INSTRUCTIONS TO FOLLOW: Leaving out the images, repeat all the lines below exactly.

Entries taken from a collection:

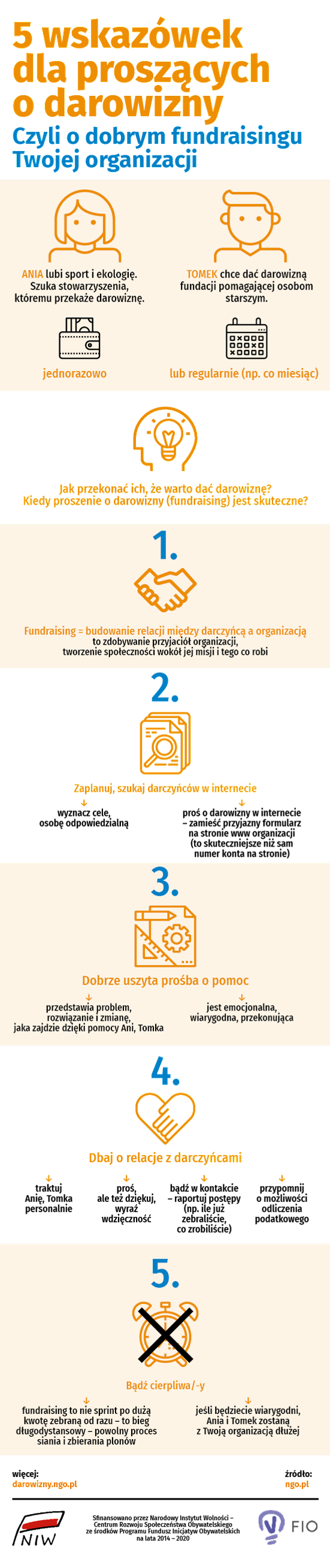 O tym, jak przygotować dobry apel o wsparcie, jak używać dostępnych w internecie narzędzi, jak dziękować i raportować zrealizowane z darczyńcą działania więcej tutaj >
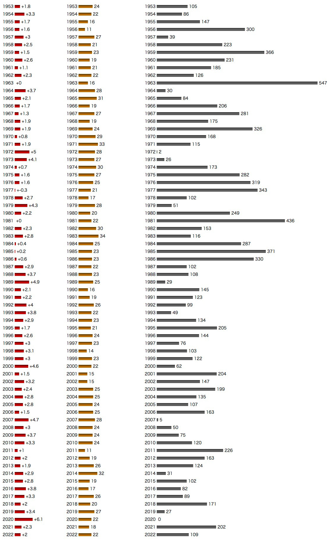 雪は,気温が低いと降るのではない。 実際,気温が低いと降るものなら,氷点下の沙漠には雪が降らねばならない。 そして氷点下の沙漠は,日照時間の多寡を決めるのは気温ではないことも示す。 気象にいくら疎くても,このくらいのロジックはわかるだろう。 降雪は,雪を降らせる雲ができないことには始まらない。 日照時間の多いことは,そのまま降雪の少ないことである。 以下は,釧路 (北海道) と富山 (富山県) の<1月の気温,日照率,降雪の深さの推移>をグラフにしたものである。 このグラフで,つぎのことをしかと確認すべし: 特に,降雪量が大きく変動するものだということを,わかるべし。 変動がわからないと,「温暖化だ!」と騒ぐ者になってしまう。 ──「温暖化だ!」と騒ぐ者に変動が見えないのは,一方向に変化していると信じ込んでいる (洗脳されている) ためである。 |
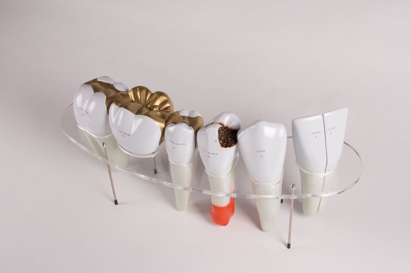Cet appareil dispose d'une incisive latérale amovible, d'une canine, d'une prémolaire avec un plomb, d'une première molaire avec une couronne, et d'une seconde molaire.
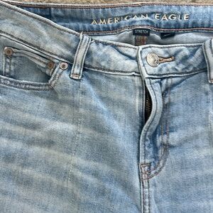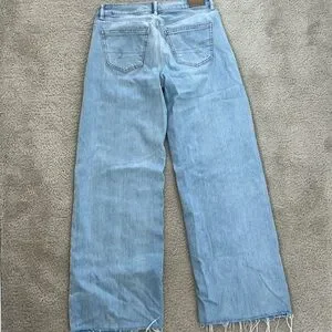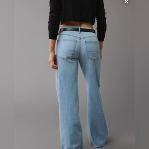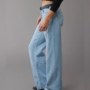AE Dreamy Drape Stretch Low-Rise Baggy Wide-Leg Jean in light denim.
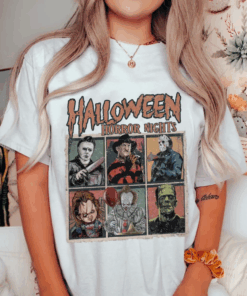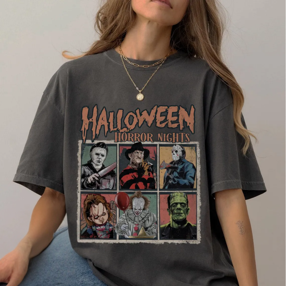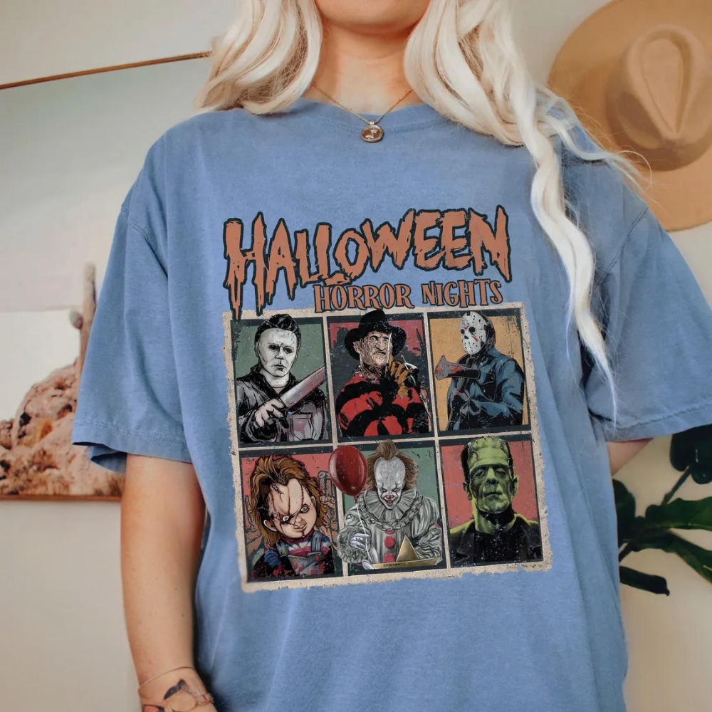 Retro Horror Characters Halloween T-Shirt, Halloween Horror Nights 2025, Halloween Friends Group Matching, Trick or Treat Tee
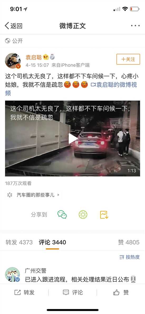 4月15日,微博认证为资深车评人的微博网友“袁启聪”发布视频微博,并配文“这个司机太无良了,这样都不下车问候一下,心疼小姑娘,我就不信是疏忽”。
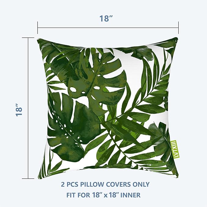 LVTXIII Outdoor Accent Patio Toss Pillow Covers, Covers ONLY Tropical Throw Pillow Case Sham, Square Cushion Covers for Indoor Outdoor Use 2 Pack, 18" x18" – Palm Green

RESPONSE BELOW:
 O tym, jak przygotować dobry apel o wsparcie, jak używać dostępnych w internecie narzędzi, jak dziękować i raportować zrealizowane z darczyńcą działania więcej tutaj >
 雪は,気温が低いと降るのではない。 実際,気温が低いと降るものなら,氷点下の沙漠には雪が降らねばならない。 そして氷点下の沙漠は,日照時間の多寡を決めるのは気温ではないことも示す。 気象にいくら疎くても,このくらいのロジックはわかるだろう。 降雪は,雪を降らせる雲ができないことには始まらない。 日照時間の多いことは,そのまま降雪の少ないことである。 以下は,釧路 (北海道) と富山 (富山県) の<1月の気温,日照率,降雪の深さの推移>をグラフにしたものである。 このグラフで,つぎのことをしかと確認すべし: 特に,降雪量が大きく変動するものだということを,わかるべし。 変動がわからないと,「温暖化だ!」と騒ぐ者になってしまう。 ──「温暖化だ!」と騒ぐ者に変動が見えないのは,一方向に変化していると信じ込んでいる (洗脳されている) ためである。 |
Cet appareil dispose d'une incisive latérale amovible, d'une canine, d'une prémolaire avec un plomb, d'une première molaire avec une couronne, et d'une seconde molaire.
AE Dreamy Drape Stretch Low-Rise Baggy Wide-Leg Jean in light denim.
 Retro Horror Characters Halloween T-Shirt, Halloween Horror Nights 2025, Halloween Friends Group Matching, Trick or Treat Tee
 4月15日,微博认证为资深车评人的微博网友“袁启聪”发布视频微博,并配文“这个司机太无良了,这样都不下车问候一下,心疼小姑娘,我就不信是疏忽”。
 LVTXIII Outdoor Accent Patio Toss Pillow Covers, Covers ONLY Tropical Throw Pillow Case Sham, Square Cushion Covers for Indoor Outdoor Use 2 Pack, 18" x18" – Palm Green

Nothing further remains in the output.